Pictures within the data are to be left out; everything else must be reproduced exactly.

§ **Information shown**:
----

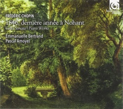 Pianist Pascal Amoyel and cellist Emmanuelle Bertrand have come up with a novel idea for a recital: they focus on the summer of 1846, the last year that Chopin spent happily with his lover George Sand. Holed up in Nohant, a country home so remote it is not even in a wine region, Chopin wrote, started, or completed the diverse works on this disc. They represent a fascinating X-ray of his output.
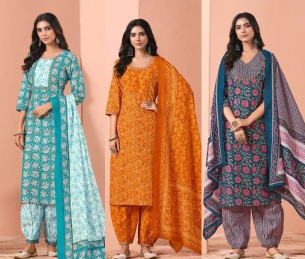 Elegant & Comfortable Cotton 3 Pcs Punjabi Suit with Dupatta & Pathani Salwar [ Export Quality]
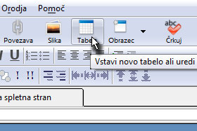 Sedaj pa kliknite na v spodnji del tabele (glej sliko). Potem pa kliknite zgoraj na Vstavi in izberite Tabela ... |

----

§ **Exercise answer**:
 Pianist Pascal Amoyel and cellist Emmanuelle Bertrand have come up with a novel idea for a recital: they focus on the summer of 1846, the last year that Chopin spent happily with his lover George Sand. Holed up in Nohant, a country home so remote it is not even in a wine region, Chopin wrote, started, or completed the diverse works on this disc. They represent a fascinating X-ray of his output.
 Elegant & Comfortable Cotton 3 Pcs Punjabi Suit with Dupatta & Pathani Salwar [ Export Quality]
 Sedaj pa kliknite na v spodnji del tabele (glej sliko). Potem pa kliknite zgoraj na Vstavi in izberite Tabela ... |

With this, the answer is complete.